As you can see, the fourth dimension, which represents the number of
ouputs, is now equal to 3, because we are explaining the median, the
lower bound and upper bound.

### Explaining models with a scaler (`local_scaler_type`)

If you specify a `local_scaler_type` in your `NeuralForecast` object,
note that the attribution scores will be scaled. This is because the
data is scaled before the training process. The relative importance is
still relevant, but note that additivity will not hold.

If additivtiy is important, then you must use `scaler_type` when
initializing the model, as we do in this tutorial.
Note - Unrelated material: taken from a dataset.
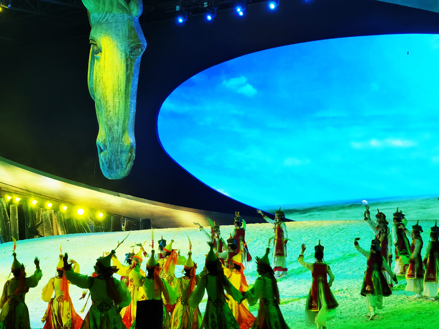 自驾游其实不必那么辛苦,把时间安排的的松散一些,更能让旅途留下长久的印记,游历完平顶山,也差不多夜幕降临了。找一处牧场民宿或者酒店,再次感受下草原的美食,与草原人民的热情,然后去马文化艺术厅看一场室内情景剧《蒙古马》。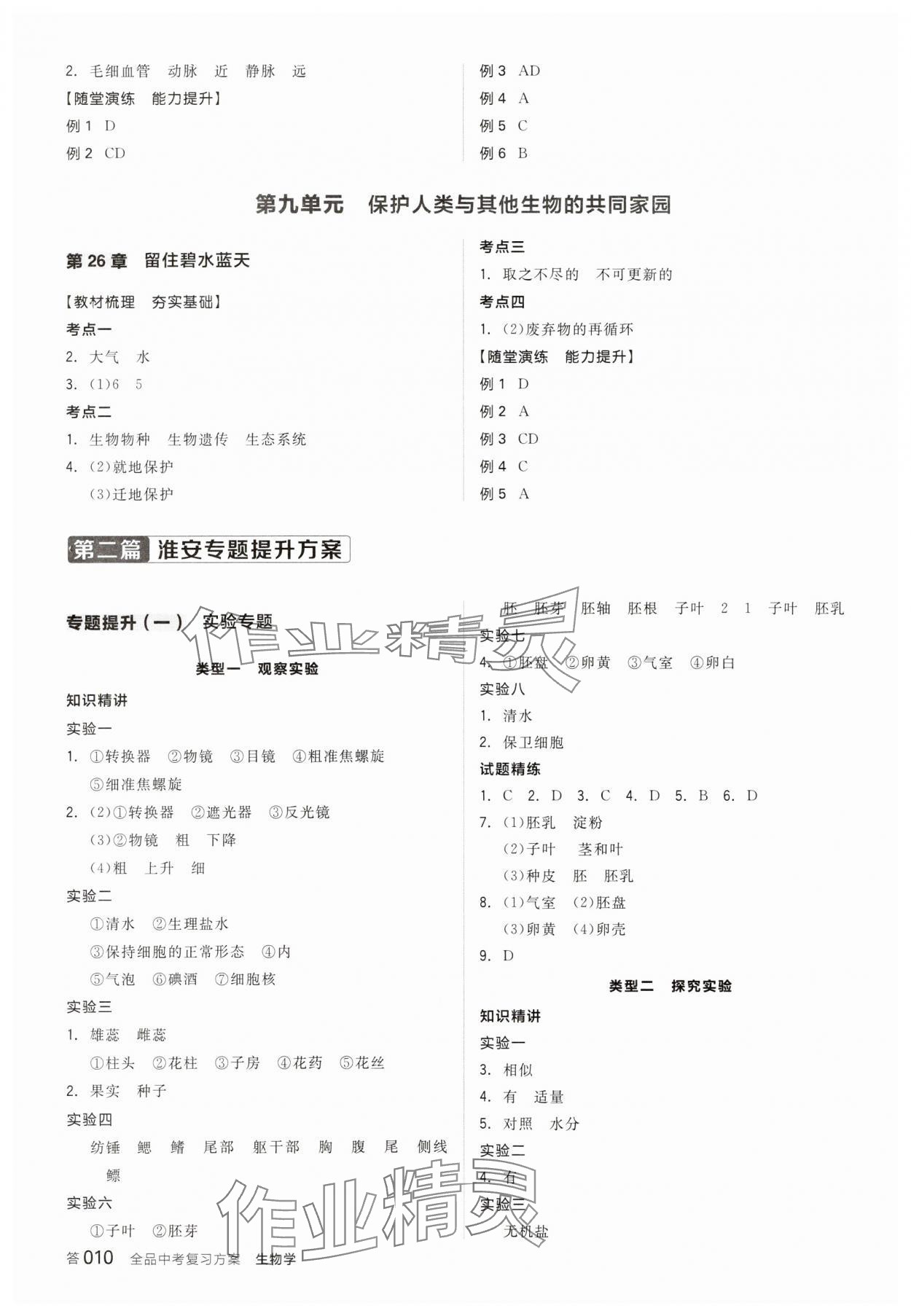 注:目前有些书本章节名称可能整理的还不是很完善,但都是按照顺序排列的,请同学们按照顺序仔细查找。练习册 2025年全品中考复习方案生物淮安专版 答案主要是用来给同学们做完题方便对答案用的,请勿直接抄袭。

This scales each
window of data during training, so we can easily inverse transform the
attribution scores.

Again, no matter which approach you choose, the relative attribution
scores are still valid and comparable. It’s only additivity that is
impacted. If you specify a `local_scaler_type`, then a warning is issued
about additivity.

### Explaining recurrent models

You can explain recurrent models (LSTM, GRU). Just note that if you set
`recurrent=True`, then the Integrated Gradients explainer is not
supported. If `recurrent=False`, you can use any explainer.

### Explaining multivariate models

You can also compute attribution scores for multivariate models. The
particularity of this scenario is that all target series influence each
other, so interpreting the results can be slightly more complex. Let’s
go through an example using `MLPMultivariate`.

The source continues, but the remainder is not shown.